Significant increase in single-node computing capabilities, whereby it is now possible to process up to 1 TB of tabular data on a single machine node thereby enabling increasingly large volumes of data to be processed in a decentralized, federated system 12;

Maturity of federated analytics and specifically federated learning as a means of performing analysis whilst 'hiding' the data from third parties, including training of deep learning models through aggregation of weights 345;

Privacy-enhancing technologies (PETs) such as secure multi-party computation (MPC) that are now sufficiently mature to be used on an industrial scale, enabling computations to be done under encryption (in-the-blind) thereby significantly improving security across a network of participants 67;

The composable data stack as a solution design that allows for unbundling of the venerable relational database into loosely coupled components, thereby making it easier and more practical to implement federated data systems using cloud-based components with microservices and thus opening up a transition path towards more modular and robust architectures 89.

The architectural shift from centralized to federated data systems is not merely a technical evolution. Modern approaches to data governance are undergoing a similar paradigm shift towards federated solutions. Federated data systems are inherently more aligned with contemporary data governance frameworks, including the Data Governance Act (DGA), the European Health Data Space (EHDS) and the concept of data solidarity 10. Within the context of large corporations, the concept of a data mesh is increasingly being adopted as well, which in essence is a federation of data producers and consumers within a commercial enterprise.
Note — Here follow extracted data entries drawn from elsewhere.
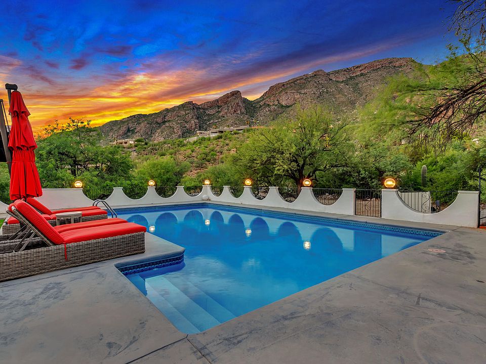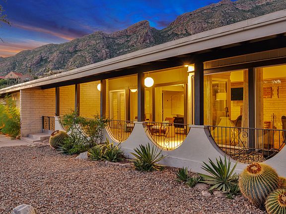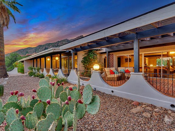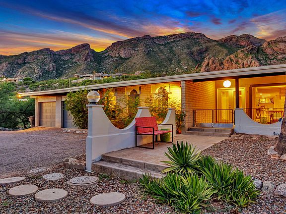 Completely updated mid century modern Santa Barbara style ranch on over an acre in gated Skyline CC Estates. Designer touches throughout. Kitchen includes stainless steel appliances, custom cabinets, quartz counter tops, fireplace, skylights ,breakfast bar and eat in area. Great room has 12 ft ceilings with floor to ceiling dual paned windows capturing sweeping views of the Catalinas. Every room has a view of either the Golf course or the mountains. Master bedroom suite w/luxurious bath & dressing area. Large family room is perfect for entertaining. Stained concrete floors are newly sealed and fresh paint throughout. Covered patio and sparkling pool. Room for a guest house on the East side of lot. Already has a private drive. 3 new HVAC systems installed in 2018.
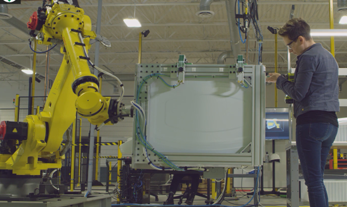 Med FreeMove softwaren kan en operatør arbejde tæt sammen med store industrirobotter uden sikkerhedshegn
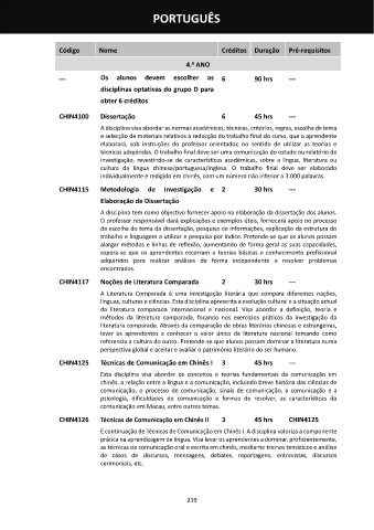 CHIN4125 Técnicas de Comunicação em Chinês I 3 45 hrs ---
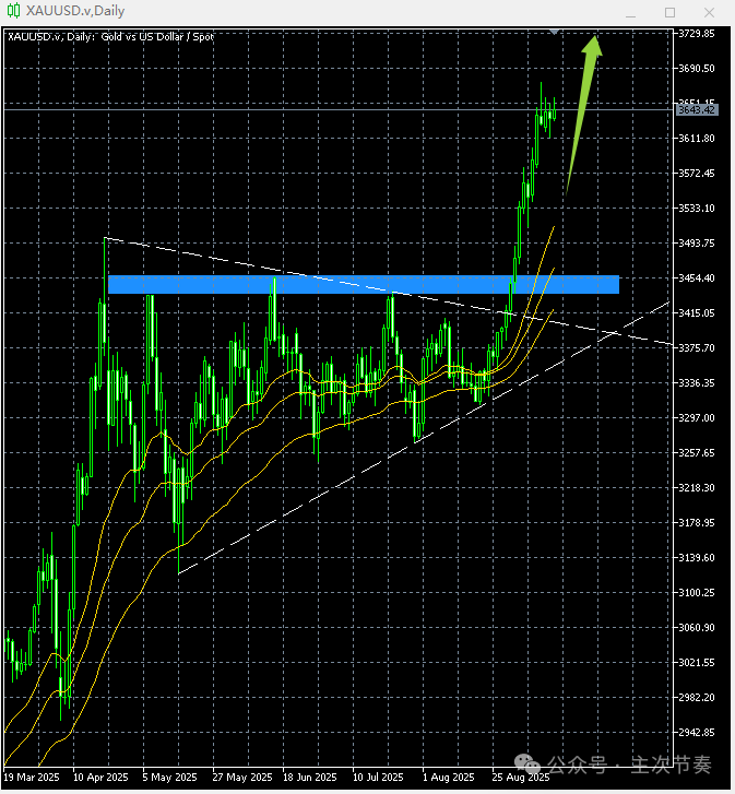无论从哪个角度,这次黄金向上突破横盘区间,都是成功的,而且突破之后的连续性相当好。当前正处在中期单边上涨过程中。从图中通道上沿的角度来看,接下来几天在3620附近会遇到一个阻力。但仅作为风险提醒,毕竟这个通道的有效性还没得到验证。当然,即便出现受阻,也只是一次上涨过程中的正常回调。Update: 2025-9-14
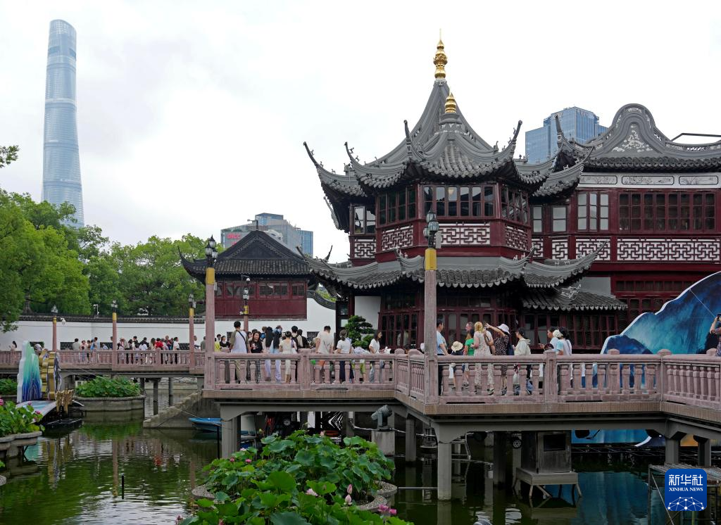 7月10日在豫园九曲桥边拍摄的重新开放的湖心亭。
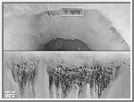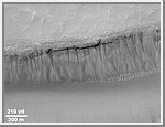The layer from which the gullies emanate has recessed backward to form an overhang beneath a harder layer of rock. The larger gullies have formed an alcove--an area above the overhang from which debris has collapsed to leave a dark-toned scar. Below the layer of seepage is found a dark, narrow channel that runs down the slope to an apron of debris. The small, bright, parallel features at the base of the cliff at the center-right of the picture is a series of large windblown ripples.
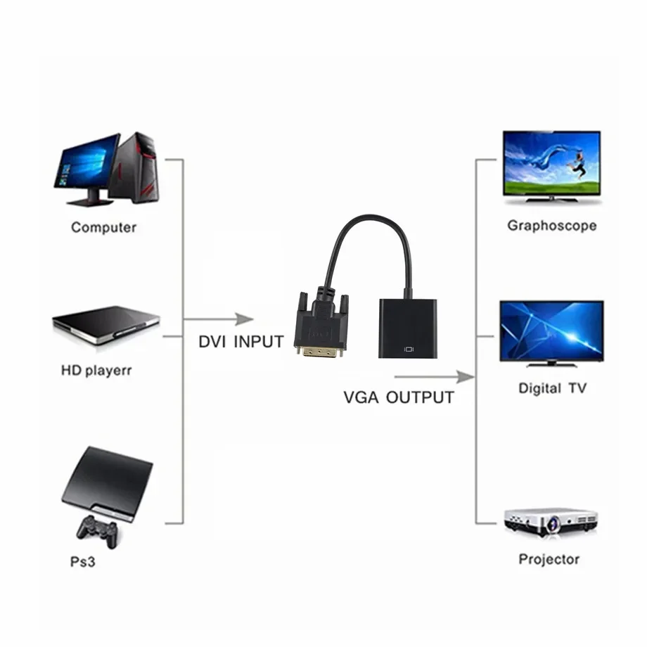 Comprar WvvMvv-adaptador DVI a VGA, convertidor de Cable de vídeo de 24 + 1 25 pines a 15 Pines, 1080P, DVI-D, para Monitor de ordenador y PC
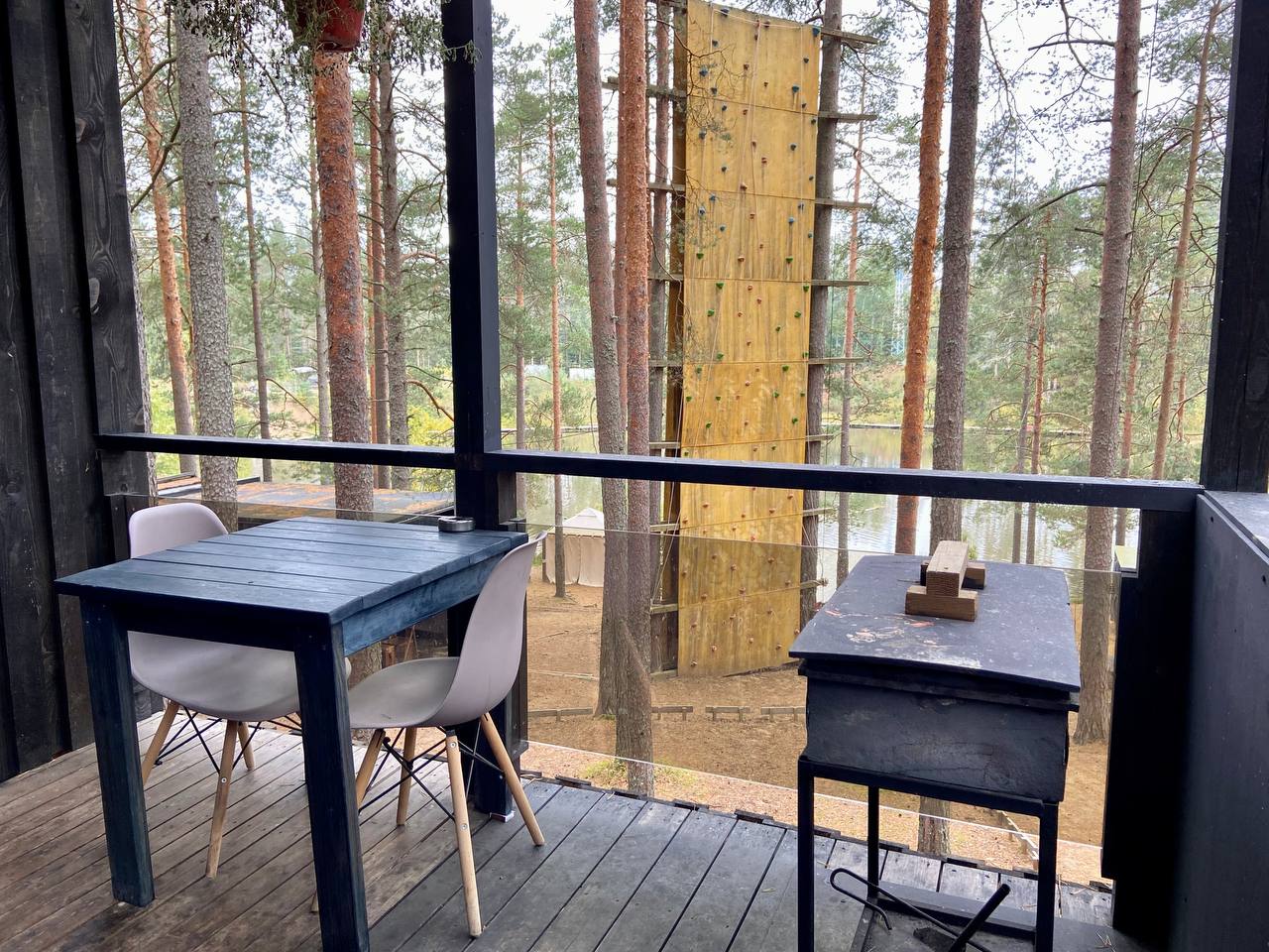 - Крытая терраса со столом и подвесным креслом с видом на лес и озеро, розеткой и освещением.
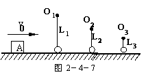 如图2-4-7所示,滑块A的质量m=0.01kg,与水平地面间的动摩擦因素μ=0.2,用细线悬挂的小球质量均为m=0.01kg,沿x轴排列,A与第1只小球及相邻两小球间距离均为s=2m,线长分别为L1、L2、L3……(图中只画出三只小球,且小球可视为质点),开始时,滑块以速度v0=10m/s沿x轴正方向运动,设滑块与小球碰撞时不损失机械能,碰撞后小球均恰能在竖直平面内完成完整的圆周运动,重力加速度g=10m/s2。试求:(1)滑块能与几个小球碰撞?(2)碰撞中第n个小球悬线长Ln的表达式?

From the perspective of sovereignty and solidarity, we believe that a commons-based, federated approach has distinct benefits in moving towards a more equitable, open digital infrastructure 11.

However, this ongoing paradigm shift towards is not without challenges. The notion of what constitutes a federated data system needs to be defined in more detail if we are to see the forest for the trees between different meanings of the same word. For example, 'federation' can refer to any of the following concepts:

Data federation in de context of distributed databases addresses the problem of uniformly accessing multiple, possibly heterogeneous data sources, by mapping them into a unified schema, such as an RDF(S)/OWL ontology or a relational schema, and by supporting the execution of queries, like SPARQL or SQL queries, over that unified schema 12;

Federation within the context of a Personal Health Train (PHT) refers to the concept where data processing is brought to the (personal health) data rather than the other way around, allowing (private) data accessed to be controlled, and to observe ethical and legal concerns 1314151617, and is just one of many solutions designs that are collectively grouped as federated analytics 3;

Federation in Trusted Research Environment (TRE) pertains to a mechanism for data sharing in a temporary staging environment within a network of research organizations through federations services such as localization and access 18;

Federation in the context of data spaces, as described in the DSSC Blueprint 2.0, pertains to the support the interplay of participants in a data space, operating in accordance to the policies and rules specified in the Rulebook by the data space authority.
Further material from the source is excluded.